WORK TO COMPLETE:
Set down exactly the first line of the entries and every line after it, through the line with "아래 결과를 보면 최근".

TASK INPUTS:
########

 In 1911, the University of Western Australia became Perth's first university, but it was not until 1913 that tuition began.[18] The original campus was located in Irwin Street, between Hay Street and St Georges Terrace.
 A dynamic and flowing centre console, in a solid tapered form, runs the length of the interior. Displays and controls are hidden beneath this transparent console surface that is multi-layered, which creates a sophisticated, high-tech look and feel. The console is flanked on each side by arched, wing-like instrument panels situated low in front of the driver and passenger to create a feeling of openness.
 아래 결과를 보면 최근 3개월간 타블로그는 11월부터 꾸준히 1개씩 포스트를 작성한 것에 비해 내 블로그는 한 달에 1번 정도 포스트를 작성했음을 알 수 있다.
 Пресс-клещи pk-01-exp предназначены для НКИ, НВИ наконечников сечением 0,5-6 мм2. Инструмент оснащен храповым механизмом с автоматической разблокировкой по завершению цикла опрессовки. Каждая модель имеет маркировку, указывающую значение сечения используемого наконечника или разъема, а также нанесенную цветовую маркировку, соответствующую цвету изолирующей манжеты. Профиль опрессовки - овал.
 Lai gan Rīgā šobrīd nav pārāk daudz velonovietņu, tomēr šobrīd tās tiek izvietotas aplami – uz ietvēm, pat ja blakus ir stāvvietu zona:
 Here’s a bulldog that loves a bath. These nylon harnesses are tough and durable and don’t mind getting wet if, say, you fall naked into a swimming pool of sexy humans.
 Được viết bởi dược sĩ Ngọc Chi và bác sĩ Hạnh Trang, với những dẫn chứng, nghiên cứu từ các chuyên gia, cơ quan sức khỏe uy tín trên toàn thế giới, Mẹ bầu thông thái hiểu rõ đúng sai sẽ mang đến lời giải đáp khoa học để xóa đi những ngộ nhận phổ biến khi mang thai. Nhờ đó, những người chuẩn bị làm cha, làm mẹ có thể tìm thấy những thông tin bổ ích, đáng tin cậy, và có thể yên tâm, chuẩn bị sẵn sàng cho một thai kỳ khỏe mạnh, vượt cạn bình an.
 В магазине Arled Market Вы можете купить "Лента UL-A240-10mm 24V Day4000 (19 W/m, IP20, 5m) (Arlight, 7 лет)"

########

TASK SOLUTION:
 In 1911, the University of Western Australia became Perth's first university, but it was not until 1913 that tuition began.[18] The original campus was located in Irwin Street, between Hay Street and St Georges Terrace.
 A dynamic and flowing centre console, in a solid tapered form, runs the length of the interior. Displays and controls are hidden beneath this transparent console surface that is multi-layered, which creates a sophisticated, high-tech look and feel. The console is flanked on each side by arched, wing-like instrument panels situated low in front of the driver and passenger to create a feeling of openness.
 아래 결과를 보면 최근 3개월간 타블로그는 11월부터 꾸준히 1개씩 포스트를 작성한 것에 비해 내 블로그는 한 달에 1번 정도 포스트를 작성했음을 알 수 있다.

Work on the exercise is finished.